Multiple DNS queries, some rejected

firefexx · March 17, 2019, 12:54pm

Hi,

for DNS, I like to make use of https://1.1.1.1/ instead of my ISP's DNS. Therefore, I set option dns '1.1.1.1 1.0.0.1 2606:4700:4700::1111 2606:4700:4700::1001' in my /etc/config/network configuration within the config interface 'wan' section.

I imagined dnsmasq picks one of the configured DNS server addresses for its requests and switches if one is unavailable. But apparently, dnsmasq sends the queries to all four configured DNS servers simultaneously. I see four outgoing requests in tcpdump and the DNS servers answer the requests. Then, two or three of the slower responses get answered with ICMP unreachable errors.

I would like to ask you: Is this normal? That dnsmasq asks the servers simultaneously? Seems unnecessary. And that some of the responses are rejected afterwards? Is this because dnsmasq already knows the answer from the fastest response?

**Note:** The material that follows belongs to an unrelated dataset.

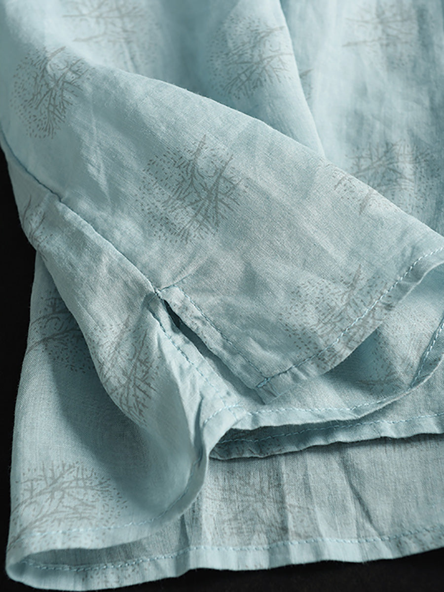 Women Summer Artsy Flower Stand Collar Ramie Shirt LL040
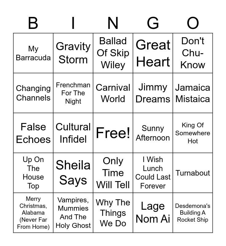 This bingo card has a free space and 75 words: Apocalypso, Baby's Gone Shoppin', Ballad Of Skip Wiley, Banana Wind, Bank Of Bad Habits, Barometer Soup, Blue Heaven Rendevous, Bob Robert's Society Band, Boomerang Love, Bring Back The Magic, Calaloo, Captain America, Carnival World, Changing Channels, Christmas Island, Cultural Infidel, Delaney Talks To Statues, Desdemona's Building A Rocket Ship, Diamond As Big As The Ritz, Don't Chu-Know, Everybody's Got A cousin In Miami, False Echoes, Frenchman For The Night, Gravity Storm, Great Heart, Happily Ever After (Now And Then), Happy Xmas (War Is Over), Ho Ho Ho And A Bottle Of Rhum, Holiday, Homemade Music, If It All Falls Down, I'll Be Home For Christmas, Island Fever, I Wish Lunch Could Last Forever, Jamaica Mistaica, Jimmy Dreams, Jingle Bells, Just An Old Truth Teller, King Of Somewhere Hot, Lage Nom Ai, L'Air De La Louisiane, Lone Palm, Love In The Library, Mele Kalikimaka, Mental Floss, Mermaid In The Night, Merry Christmas, Alabama (Never Far From Home), My Barracuda, The Night I Painted The Sky, No Plane On Sunday, Off To See The Lizard, Only Time Will Tell, Overkill, Pre-You, Prince Of Tides, Public Relations, Quietly Making Noise, Remittance Man, Run Rudolph Run, A Sailor's Christmas, Sheila Says, She's Got You, Six String Magic, Smart Woman (In A Real Short Skirt), Strange Bird, Sunny Afternoon, Take Another Road, That's My Story And I'm Stickin' To It, That's What Living Is To Me, Turnabout, Up On The House Top, Vampires, Mummies And The Holy Ghost, When The Coast Is Clear, Why The Things We Do and You'll Never Work In Dis Bidness Again.

vgaetera · March 17, 2019, 1:10pm

Behavior changes since caching is enabled by default for OpenWrt.
Start troubleshooting from your LAN-client network configuration.

Better move DNSv6 servers to wan6 configuration.

firefexx · March 17, 2019, 1:41pm

Thanks a lot for your answer.

Good to know. I don't know how exactly I could troubleshoot this, since the config looks unsuspicious for my eyes. (But I haven't much experience with OpenWrt...) Here is the relevant config.

from /etc/config/network:

config interface 'lan'
	option type 'bridge'
	option ifname 'eth0'
	option proto 'static'
	option ipaddr '192.168.1.1'
	option netmask '255.255.255.0'
	option ip6assign '60'

config interface 'wan'
	option ifname 'eth0.7'
	option proto 'pppoe'
	option username 'xxxxxxxxxxxx'
	option password 'yyyyyyyyyyyyyyyyyyyy'
	option ipv6 'auto'
	option peerdns '0'
	option dns '1.1.1.1 1.0.0.1 2606:4700:4700::1111 2606:4700:4700::1001'

and from /etc/config/dhcp:

config dnsmasq
	option domainneeded '1'
	option boguspriv '1'
	option filterwin2k '0'
	option localise_queries '1'
	option rebind_protection '1'
	option rebind_localhost '1'
	option local '/lan/'
	option domain 'lan'
	option expandhosts '1'
	option nonegcache '0'
	option authoritative '1'
	option readethers '1'
	option leasefile '/tmp/dhcp.leases'
	option resolvfile '/tmp/resolv.conf.auto'
	option nonwildcard '1'
	option localservice '1'

The thing is, I have no wan6 configuration. After setting up my wan configuration, a new wan_6 configuration automatically appears within luci when connecting, but I cannot edit it. It seems to be managed from wan configuration. Therefore, I deleted the unused wan6 interface that was present after flashing. Was this a bad idea?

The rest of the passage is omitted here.